Nothing but the lines below, from the first through the line containing "As notas de", should be set down, each one exactly and without pictures.

» RECORDS SUPPLIED:
━━━━

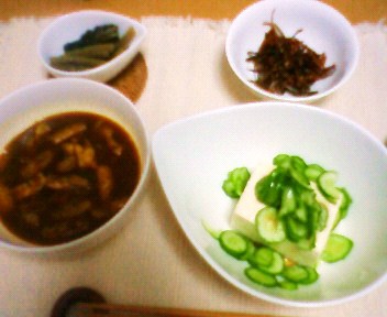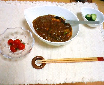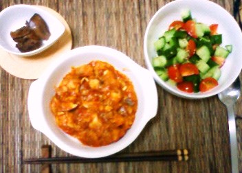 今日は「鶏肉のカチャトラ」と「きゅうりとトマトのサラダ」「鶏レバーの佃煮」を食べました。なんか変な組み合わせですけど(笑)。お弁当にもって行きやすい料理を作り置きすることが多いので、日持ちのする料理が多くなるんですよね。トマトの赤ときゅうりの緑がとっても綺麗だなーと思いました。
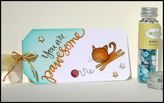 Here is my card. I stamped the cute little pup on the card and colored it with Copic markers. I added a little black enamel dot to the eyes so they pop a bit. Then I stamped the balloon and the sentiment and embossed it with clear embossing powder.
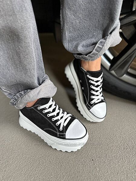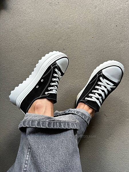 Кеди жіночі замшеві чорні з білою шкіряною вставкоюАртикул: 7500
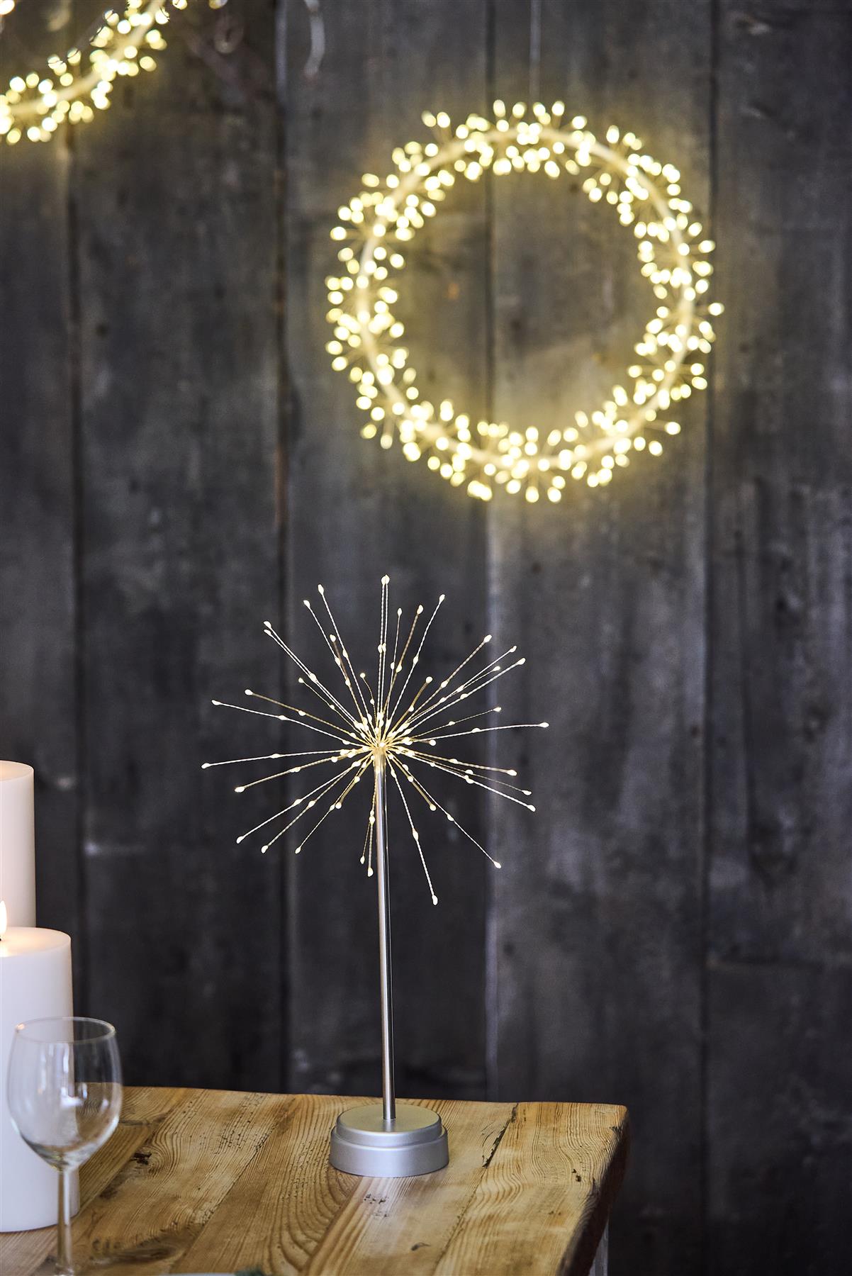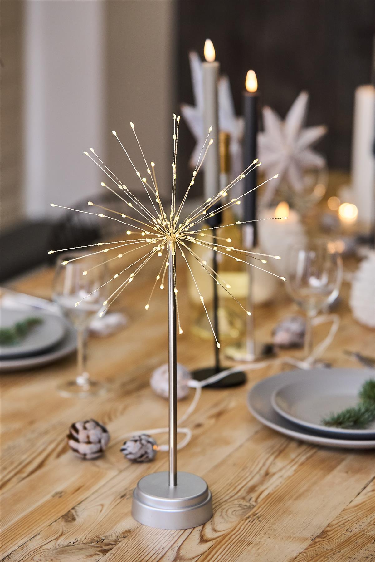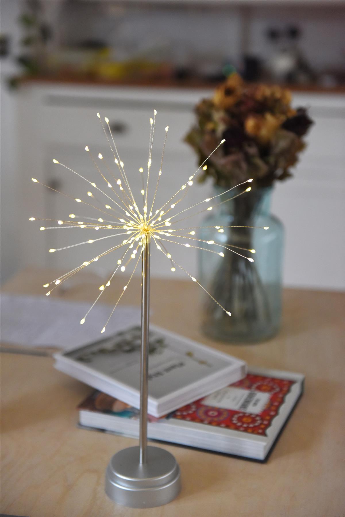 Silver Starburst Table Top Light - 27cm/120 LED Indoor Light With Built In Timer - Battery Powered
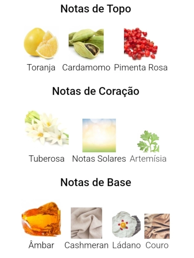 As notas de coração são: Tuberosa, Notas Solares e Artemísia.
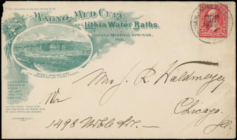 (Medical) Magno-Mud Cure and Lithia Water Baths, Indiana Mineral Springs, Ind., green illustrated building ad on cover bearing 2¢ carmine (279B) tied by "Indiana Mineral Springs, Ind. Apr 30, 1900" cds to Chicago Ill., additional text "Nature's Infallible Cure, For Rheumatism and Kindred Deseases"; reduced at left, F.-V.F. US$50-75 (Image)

━━━━

» OUTPUT FOR THIS TASK:
 今日は「鶏肉のカチャトラ」と「きゅうりとトマトのサラダ」「鶏レバーの佃煮」を食べました。なんか変な組み合わせですけど(笑)。お弁当にもって行きやすい料理を作り置きすることが多いので、日持ちのする料理が多くなるんですよね。トマトの赤ときゅうりの緑がとっても綺麗だなーと思いました。
 Here is my card. I stamped the cute little pup on the card and colored it with Copic markers. I added a little black enamel dot to the eyes so they pop a bit. Then I stamped the balloon and the sentiment and embossed it with clear embossing powder.
 Кеди жіночі замшеві чорні з білою шкіряною вставкоюАртикул: 7500
 Silver Starburst Table Top Light - 27cm/120 LED Indoor Light With Built In Timer - Battery Powered
 As notas de coração são: Tuberosa, Notas Solares e Artemísia.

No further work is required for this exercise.